Ludolf sprach eine Wache am Tor an. Sie wurden zu einem größeren Gebäude geschickt, das an die linke Seite des Doms angebaut worden war. Dort wiederholten sie bei einem Geistlichen ihren Wunsch, den Bischof zu sehen. Zur Bestätigung zeigten sie das Dokument, das Otto III. von Minden ihnen ausgestellt hatte. Der Pater führte sie in einen kleinen Raum und bat sie, einen Augenblick zu warten.
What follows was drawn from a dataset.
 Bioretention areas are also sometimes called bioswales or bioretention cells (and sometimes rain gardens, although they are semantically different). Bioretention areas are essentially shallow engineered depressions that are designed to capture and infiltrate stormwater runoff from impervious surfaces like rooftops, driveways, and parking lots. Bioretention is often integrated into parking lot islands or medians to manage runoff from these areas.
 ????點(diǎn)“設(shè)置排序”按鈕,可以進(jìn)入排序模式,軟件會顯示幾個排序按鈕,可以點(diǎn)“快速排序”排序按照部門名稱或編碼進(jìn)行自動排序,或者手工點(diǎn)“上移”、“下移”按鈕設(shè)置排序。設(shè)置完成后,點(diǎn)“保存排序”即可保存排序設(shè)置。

Sie waren aufgeregt. Jetzt sollte sich entscheiden, wie die Suche nach Kunekes Mörder weiterging. War der Bischof mit der Verhaftung des Schmieds zufrieden oder durften sie noch einen letzten Versuch unternehmen, das Geheimnis zu lüften?
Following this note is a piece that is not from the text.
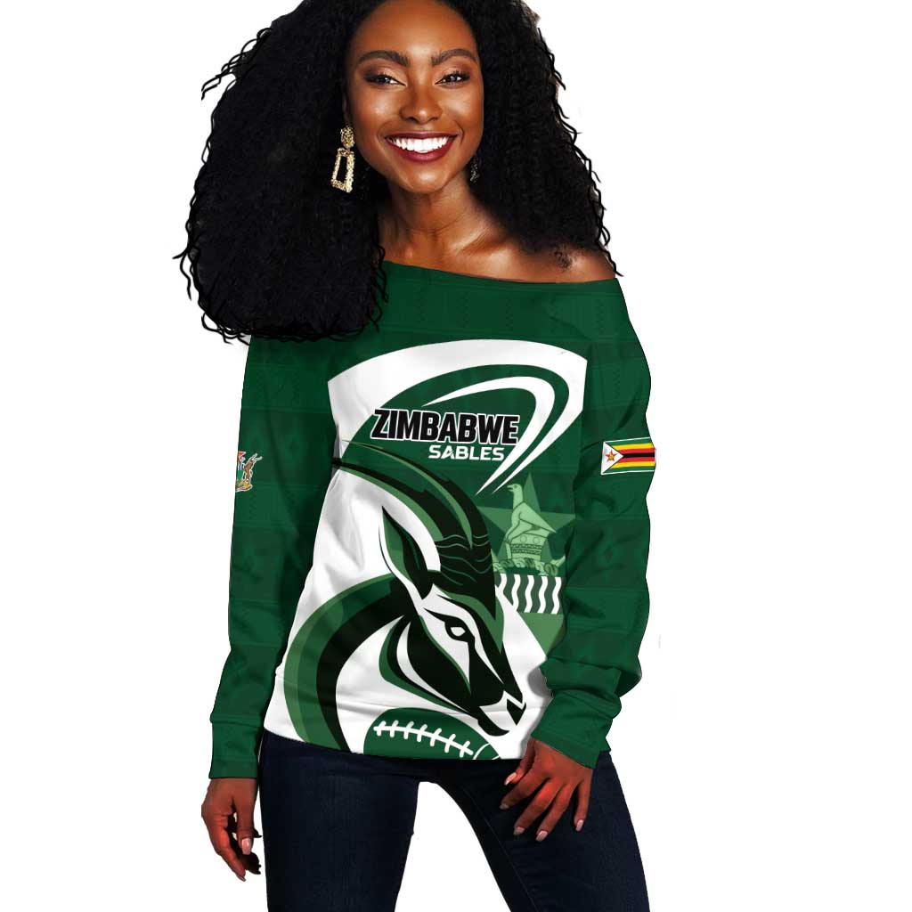 Custom Zimbabwe Sables Rugby Off Shoulder Sweater Go Champion

Agnes stand am Fenster und schaute durch die milchigen Glasscheiben. Sie dachte an die gestrige Nacht. Hoffentlich würde der Bischof ihr einen Rat geben können. Ob Ludolf ihre Empfindungen aber verstanden hätte? Könnte er ihren seelischen Schmerz nachempfinden? Sie wollte ihm nach der Unterredung mit dem Bischof sagen, was sie bedrückte. Im Moment konnte er ihr nicht helfen.
Ludolf ging nervös im Zimmer auf und ab. Er hatte schlecht geschlafen, eigentlich fast gar nicht. Ihn bewegte so vieles: Die Sorge um Agnes, die Wut über den Amtmann und die Enttäuschung, dass sie Kuneke nur tot gefunden hatten.